One major sign that your router has been compromised is in its DNS server. Attackers “hijack” your router’s DNS seeking to modify them without your consent. The idea is to control, monitor and redirect your internet traffic to a phishing site.
For example, if you’re connecting to your online banking account through a device connected to your router, you’ll be redirected to a fake version of the banking site. If you’re alert enough, you may even notice that such malicious sites don’t have HTTPS encryption. From the phishing site, the attacker can access your banking session and take out money without your knowledge.
Here’s what to look out for if your router’s DNS has been hijacked:
- Inappropriate ads like porn ads and others appear on your screen while you’re browsing the usual pages you visit. These ads can also be modified to trick you.
- You get warnings or notifications that indicate possible problems with your computer.

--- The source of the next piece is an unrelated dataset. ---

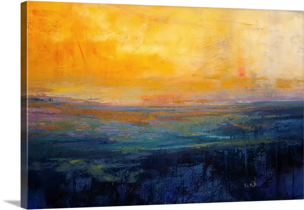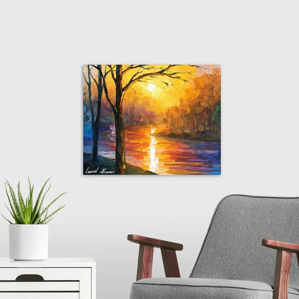 Contemporary colorful painting of the sun setting over a foggy forested river clearing.

- Your browser redirects from popular web pages like online banking sites and social media to fake versions of the sites. These phishing sites collect your personal information, login credentials, sometimes even your banking credentials and credit card information.

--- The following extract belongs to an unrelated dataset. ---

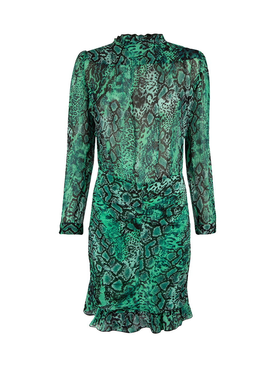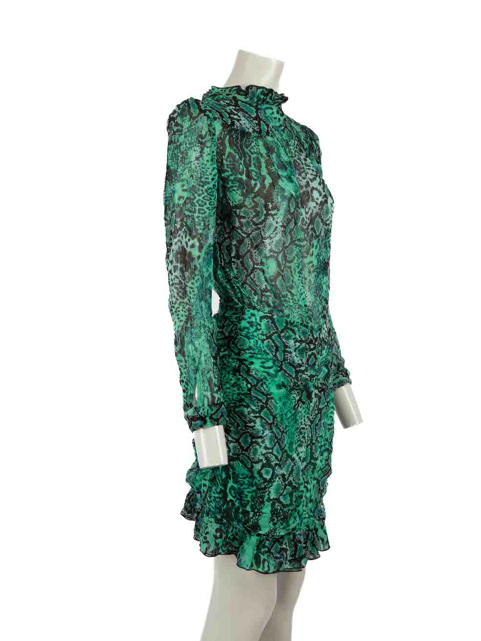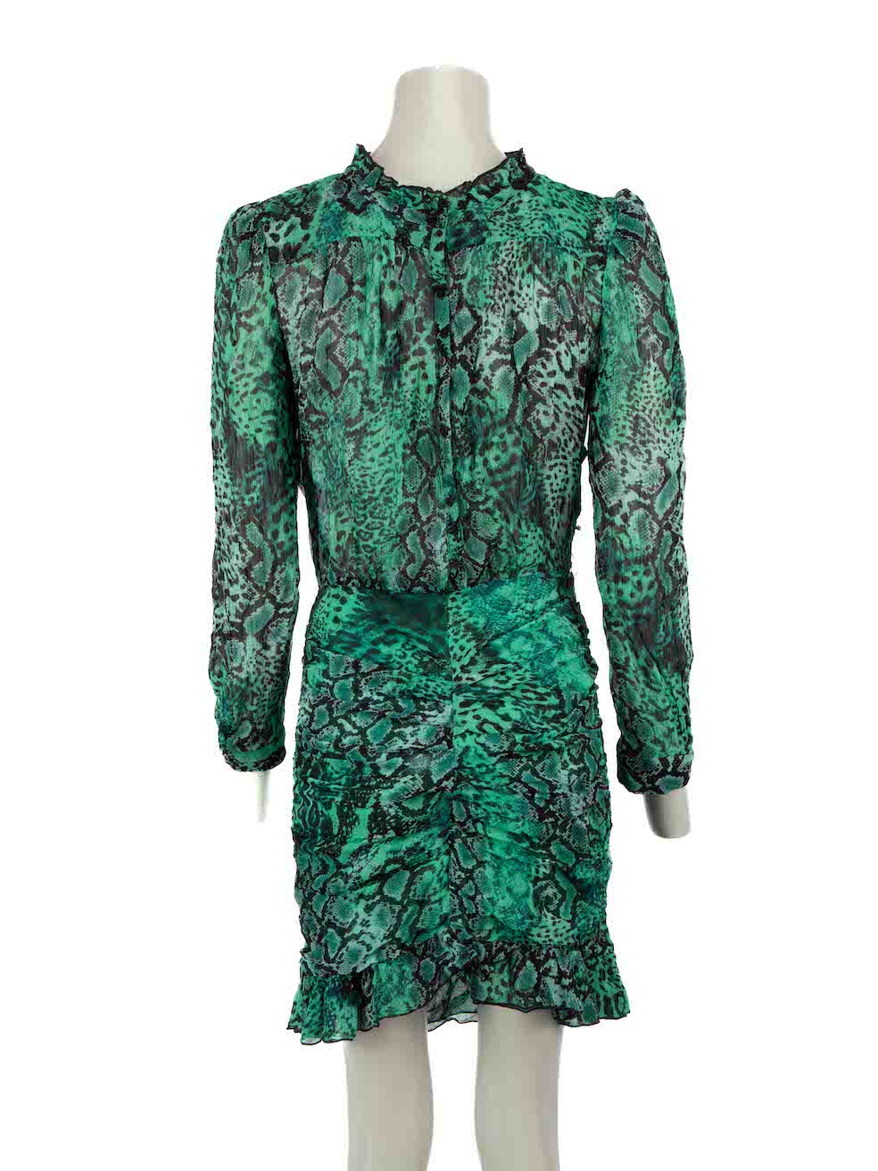 Green mini dress in excellent, pre-loved condition. With snakeskin pattern, sheer, long sleeves, round neck, button up fastening and buttoned cuffs. Composition: 100% Viscose. Hand wash. Shoulders: 35 cm Bust: 46 cm Waist: 32 cm Hip: 44 cmSleeve Length: 58 cm Length: 84 cm

If you’re still not sure whether your router has malware or has been hacked, you can the F-Secure Router checker. It’s a simple online tool that quickly checks the health of your router for potential malware threats and vulnerabilities. Although it’s not the most thorough tool to use, it’s a good place to start when checking if your router is infected.

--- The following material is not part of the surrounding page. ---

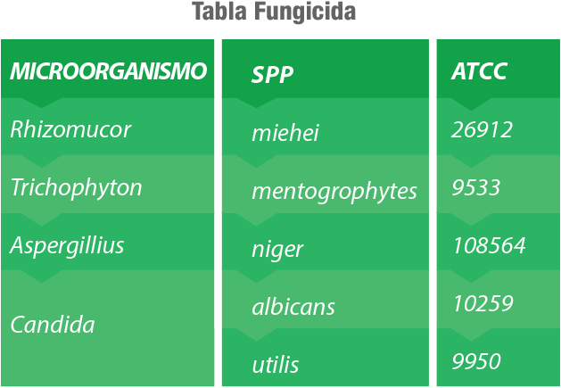 Fungicida, para los microorganismos de la tabla señalada, sin diluir, a los 5-30 minutos de exposición6,7.

What To Do If Your Router Is Infected With Malware
If you discover your router has malware, here are some simple steps to take to minimize the damage.
Backup Your Data And Files
Before trying to fix your computer or remove malware, backup your data and files to a cloud storage service or to an external hard drive.
Restart Your Computer In Safe Mode
If you get a false antivirus message and suspect your router has malware, turn off your computer and restart it in safe mode to uninstall any suspicious software.
When you’re done, restart in regular mode and check if the messages are gone, and then scan your computer again to pick out any remaining malware threats.
Secure Your Router And Install a Strong Antivirus
This is your first line of defense as it protects your devices online. Create a strong SSID (network name) and password, and turn on your router’s firewall.
You can also get a VPN (virtual private network) for your home or business if you want to be extra cautious.
Change Your Passwords
If there are accounts that have been hacked as a result of the router attack, request a password reset immediately and create a stronger one. You can also use two-factor authentication for added security.
Look closely at any links in your emails before clicking on them. If you use one password for multiple accounts, change them too. A secure password manager comes in handy if you’re not able to manage different passwords for all your accounts.
Other steps you can take include:
- Enable WPA2 encryption instead of the original WAP or the outdated WEP.
- Set your router to Stealth Mode making it harder for attackers to find it online.
- Install firmware updates to protect your router from any patched flaws.
- Turn off UPnP in your router. This setting can be used to change your DNS server as it usually trusts all requests from your local network.
- Alert your family, friends and colleagues not to accept fake email invitations, downloads or social media requests and messages.
Final Thoughts
Once you’ve checked your router for malware, and you find most of the signs mentioned above are present, you need to disinfect your computer to restore it to normal functioning.
Stay informed about routers, malware, hacking and other cybersecurity issues to help protect your devices from future risks and keep you alert and informed. This way, you can make the best decisions about protecting your router, computer and mobile devices.